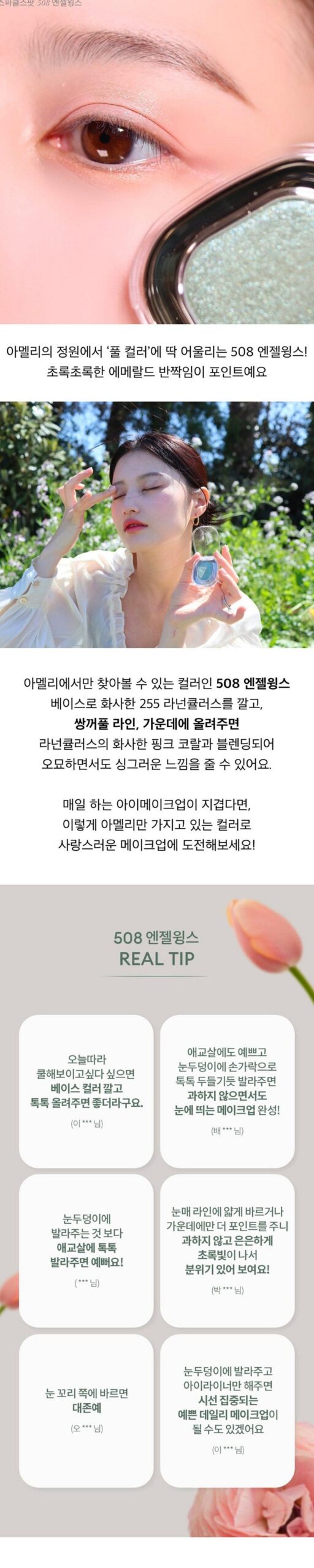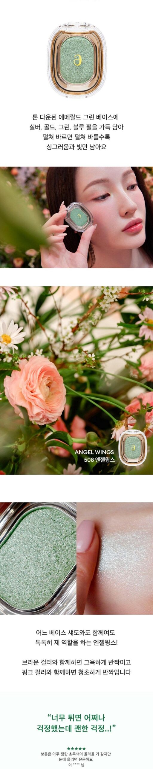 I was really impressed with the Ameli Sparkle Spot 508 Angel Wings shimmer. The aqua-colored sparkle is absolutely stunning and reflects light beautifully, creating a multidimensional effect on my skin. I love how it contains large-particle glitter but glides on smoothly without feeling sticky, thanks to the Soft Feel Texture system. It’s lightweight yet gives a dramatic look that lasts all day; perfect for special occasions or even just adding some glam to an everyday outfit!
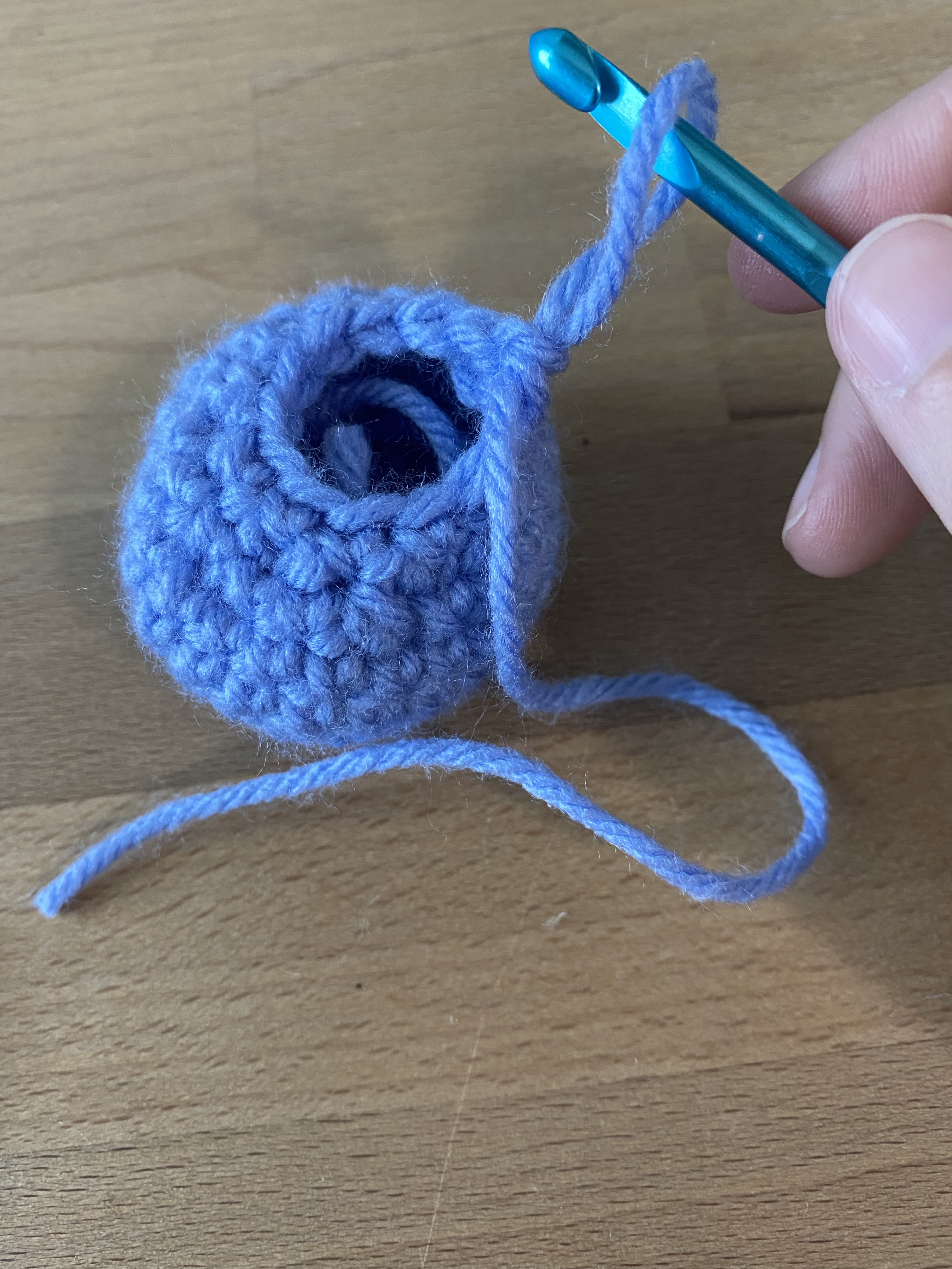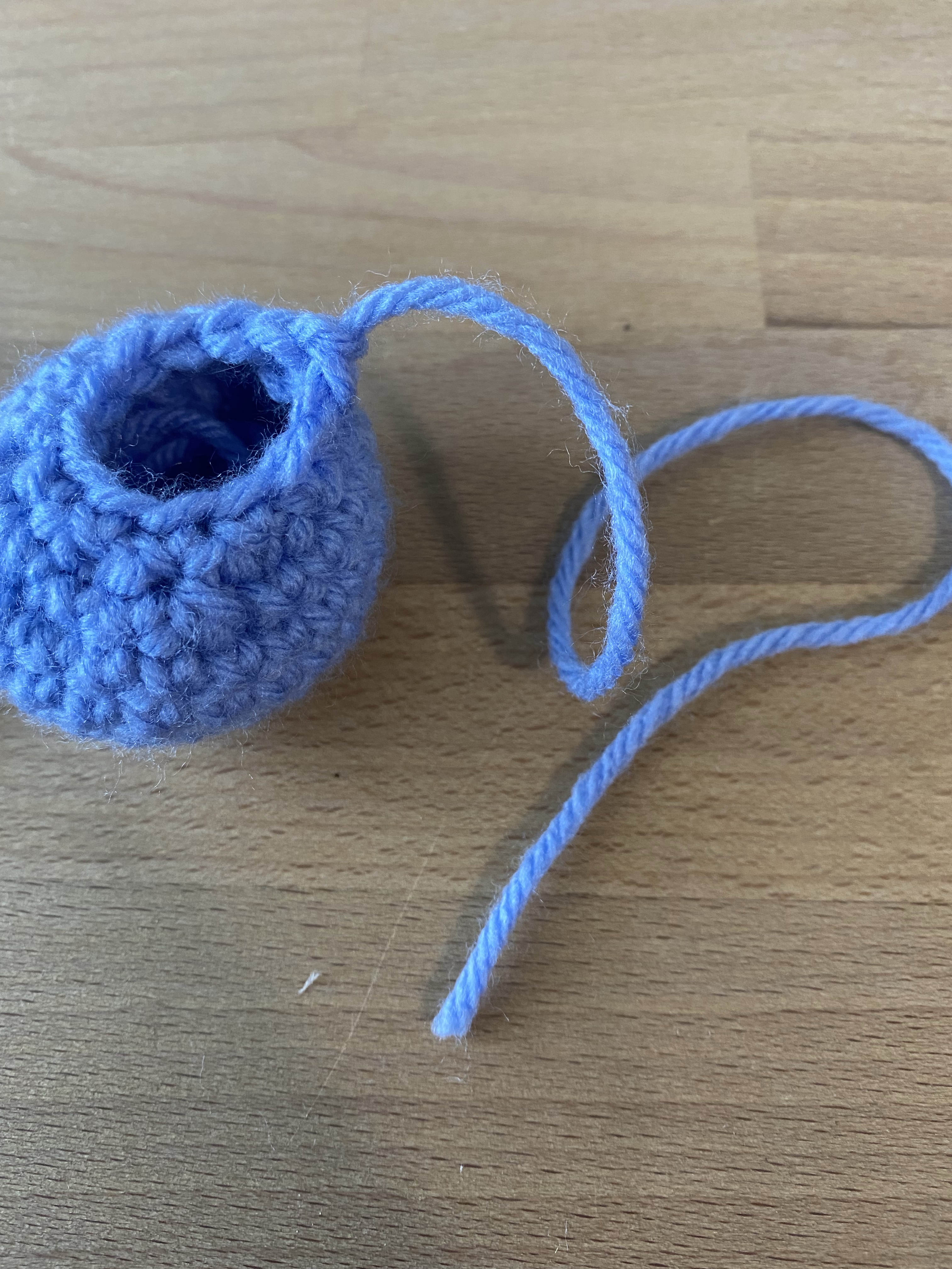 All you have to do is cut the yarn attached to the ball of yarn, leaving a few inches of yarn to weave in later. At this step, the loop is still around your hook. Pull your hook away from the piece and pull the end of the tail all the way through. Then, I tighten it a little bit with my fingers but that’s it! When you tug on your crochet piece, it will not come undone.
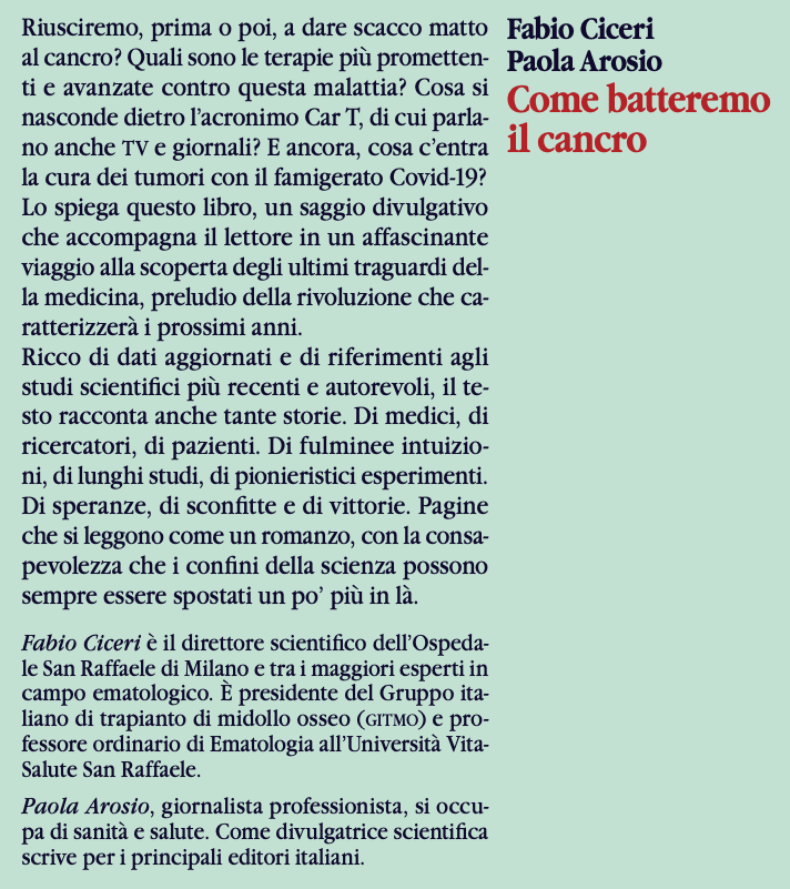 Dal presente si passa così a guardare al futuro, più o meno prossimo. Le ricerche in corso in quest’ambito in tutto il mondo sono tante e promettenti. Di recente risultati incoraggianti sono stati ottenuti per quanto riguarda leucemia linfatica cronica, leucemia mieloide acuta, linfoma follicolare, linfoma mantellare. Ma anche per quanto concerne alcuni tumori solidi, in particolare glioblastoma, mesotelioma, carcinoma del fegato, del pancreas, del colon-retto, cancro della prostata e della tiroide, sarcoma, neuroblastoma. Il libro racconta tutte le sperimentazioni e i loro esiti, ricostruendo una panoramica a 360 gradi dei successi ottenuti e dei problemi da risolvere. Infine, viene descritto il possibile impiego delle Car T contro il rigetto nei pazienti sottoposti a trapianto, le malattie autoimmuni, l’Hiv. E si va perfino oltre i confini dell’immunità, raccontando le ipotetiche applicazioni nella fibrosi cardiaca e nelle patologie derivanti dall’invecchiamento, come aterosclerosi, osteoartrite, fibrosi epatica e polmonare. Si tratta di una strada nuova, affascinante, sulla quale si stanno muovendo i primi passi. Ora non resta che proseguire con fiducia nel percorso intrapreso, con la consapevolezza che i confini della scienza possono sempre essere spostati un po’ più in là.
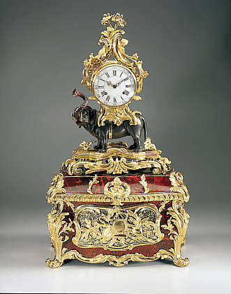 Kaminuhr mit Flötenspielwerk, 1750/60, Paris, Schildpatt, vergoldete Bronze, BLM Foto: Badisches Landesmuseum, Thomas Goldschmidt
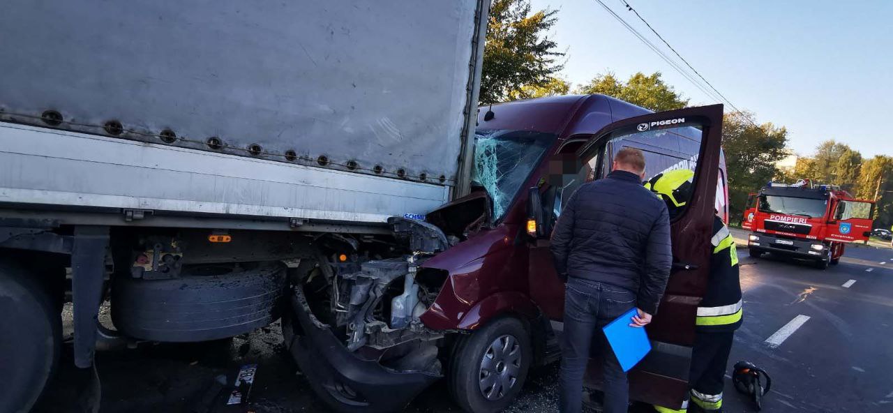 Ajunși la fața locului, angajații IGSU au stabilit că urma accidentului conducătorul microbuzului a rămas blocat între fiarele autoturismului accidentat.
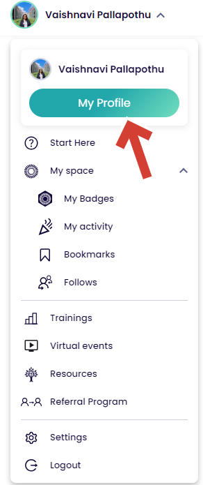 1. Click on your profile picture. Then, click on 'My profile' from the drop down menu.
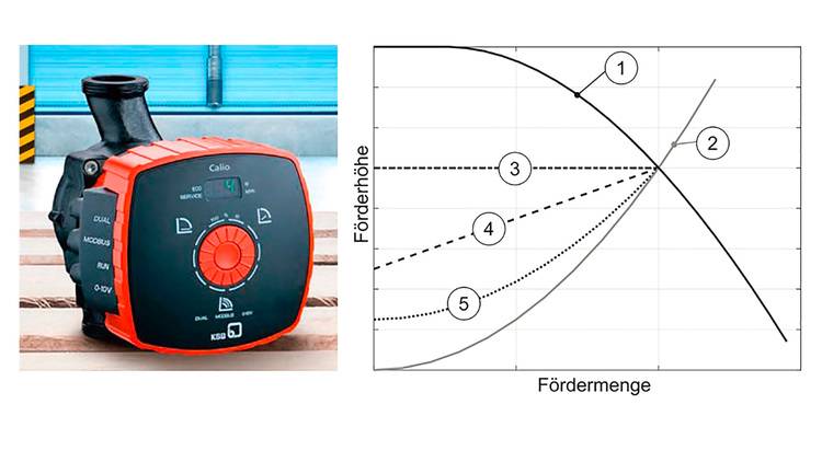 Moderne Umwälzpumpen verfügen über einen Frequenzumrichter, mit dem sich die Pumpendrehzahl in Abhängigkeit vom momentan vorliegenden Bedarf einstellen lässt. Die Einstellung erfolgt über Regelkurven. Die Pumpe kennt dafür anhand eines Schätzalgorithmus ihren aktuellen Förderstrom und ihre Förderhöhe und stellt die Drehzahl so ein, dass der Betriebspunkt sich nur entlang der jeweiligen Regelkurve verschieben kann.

Your objective: In the listing above, find the line with "Dal presente si" and the line with "1. Click on". Copy both of them and every line between, exactly, but not the pictures.

Result below:
 Dal presente si passa così a guardare al futuro, più o meno prossimo. Le ricerche in corso in quest’ambito in tutto il mondo sono tante e promettenti. Di recente risultati incoraggianti sono stati ottenuti per quanto riguarda leucemia linfatica cronica, leucemia mieloide acuta, linfoma follicolare, linfoma mantellare. Ma anche per quanto concerne alcuni tumori solidi, in particolare glioblastoma, mesotelioma, carcinoma del fegato, del pancreas, del colon-retto, cancro della prostata e della tiroide, sarcoma, neuroblastoma. Il libro racconta tutte le sperimentazioni e i loro esiti, ricostruendo una panoramica a 360 gradi dei successi ottenuti e dei problemi da risolvere. Infine, viene descritto il possibile impiego delle Car T contro il rigetto nei pazienti sottoposti a trapianto, le malattie autoimmuni, l’Hiv. E si va perfino oltre i confini dell’immunità, raccontando le ipotetiche applicazioni nella fibrosi cardiaca e nelle patologie derivanti dall’invecchiamento, come aterosclerosi, osteoartrite, fibrosi epatica e polmonare. Si tratta di una strada nuova, affascinante, sulla quale si stanno muovendo i primi passi. Ora non resta che proseguire con fiducia nel percorso intrapreso, con la consapevolezza che i confini della scienza possono sempre essere spostati un po’ più in là.
 Kaminuhr mit Flötenspielwerk, 1750/60, Paris, Schildpatt, vergoldete Bronze, BLM Foto: Badisches Landesmuseum, Thomas Goldschmidt
 Ajunși la fața locului, angajații IGSU au stabilit că urma accidentului conducătorul microbuzului a rămas blocat între fiarele autoturismului accidentat.
 1. Click on your profile picture. Then, click on 'My profile' from the drop down menu.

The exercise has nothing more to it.